A short sliding window can meet the requirements if the collected signals are used for signal feedback. When the collected signals are used for fault diagnosis and performance testing, the extraction of weak features of the signal is required to be higher, so a sliding window of longer length is often needed. In order to verify that the method in this paper can satisfy the fault diagnosis application scenario, the experiment selects 512 original data as the total length of the window, with 20 as the step size, and performs data processing in the form of a sliding window. Therefore, there is a large amount of repetitive calculation for two wavelet transforms. The wavelet loopback structure proposed in this paper writes back most of the data to the FIFO in parallel, while sending the wavelet-transformed data stream to the poststage digital signal processing through the write-back control module. Only the wavelet transform values of the 20 updated original data and the part of the data affected by the previous boundary extension topology need to be calculated each time, as shown in
Figure 10. This structure can effectively avoid the repetitive calculation of wavelet transform, reduce the saving data time, and improve the real-time performance of the wavelet filtering algorithm.
4. Experimental Verification
In order to verify the effect of the proposed hardware acceleration scheme, this paper builds an FPGA-based hardware verification platform with the board shown in
Figure 11 below, in which the main chip of the board adopts XILINX’s xc7z020clg400-2 model.

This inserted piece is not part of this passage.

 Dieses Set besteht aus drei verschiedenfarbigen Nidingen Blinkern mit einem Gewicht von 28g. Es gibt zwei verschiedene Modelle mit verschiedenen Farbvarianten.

The whole filtering program is written in the Verilog language and developed on the VIVADO platform, and the resources used are shown in
Table 4.
In this paper, the actual data collected from the EAST fusion magnet power supply are filtered and processed, as shown in
Figure 12.
The algorithm’s effectiveness is verified by filtering the actual collected current signals of different amplitudes.
Table 5 and
Table 6 show that the method in this paper effectively improves the signal-to-noise ratio of the current signal while reducing its root-mean-square value.

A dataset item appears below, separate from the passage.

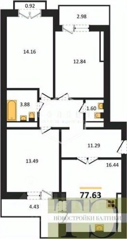 Квартира: 3 к 77,63 кв.м., 9 этаж в комплексе Суздальский 3, 3 очередь, корп.3.2, сдача: 4кв. , этажей: 9, адрес Калининград г., Суздальская ул., , Застройщик: Модуль-Стройград.

Figure 12 shows the filtering performance of the proposed method at 2000 A, 4000 A, and 8000 A, and the experimental results prove the excellent filtering effect of the proposed method.

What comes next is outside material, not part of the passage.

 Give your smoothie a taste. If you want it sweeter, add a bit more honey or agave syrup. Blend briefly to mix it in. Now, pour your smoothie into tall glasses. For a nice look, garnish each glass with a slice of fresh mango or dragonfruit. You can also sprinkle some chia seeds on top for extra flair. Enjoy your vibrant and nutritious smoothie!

In this paper, we use Xilinx’s ILA IP to verify the real-time monitoring of the FPGA’s internal signal waveform to verify the filtering algorithm’s real-time performance. The computation time is shown in
Figure 13. It is verified that the time used for the wavelet transform of 20 steps of data for the method in this paper is 163 * 10 ns = 1.63 us (clocked at 100 Mhz), and the time for the wavelet transform of a single window length of 512 is 678 * 10 ns = 6.78 us (clocked at 100 Mhz).
Compared to the scheme in [
14], this paper has similar performance at lower frequencies, which benefits embedded deployment while meeting the demand for windows of different lengths. Achieving the high real-time performance of [
14] relies mainly on the ultrahigh frequency of the industrial control computer; as shown in
Table 7, its main frequency is up to 2536 Mhz. However, its deployment cost is high, and only for short sliding window data. Regarding the real-time filtering of long sliding window data, the method in this paper takes less time and has higher real-time performance than the method in [
14], as shown in
Table 8. In addition, the proposed loopback structure reduces the time by 67.4%, which can satisfy the power system time requirements.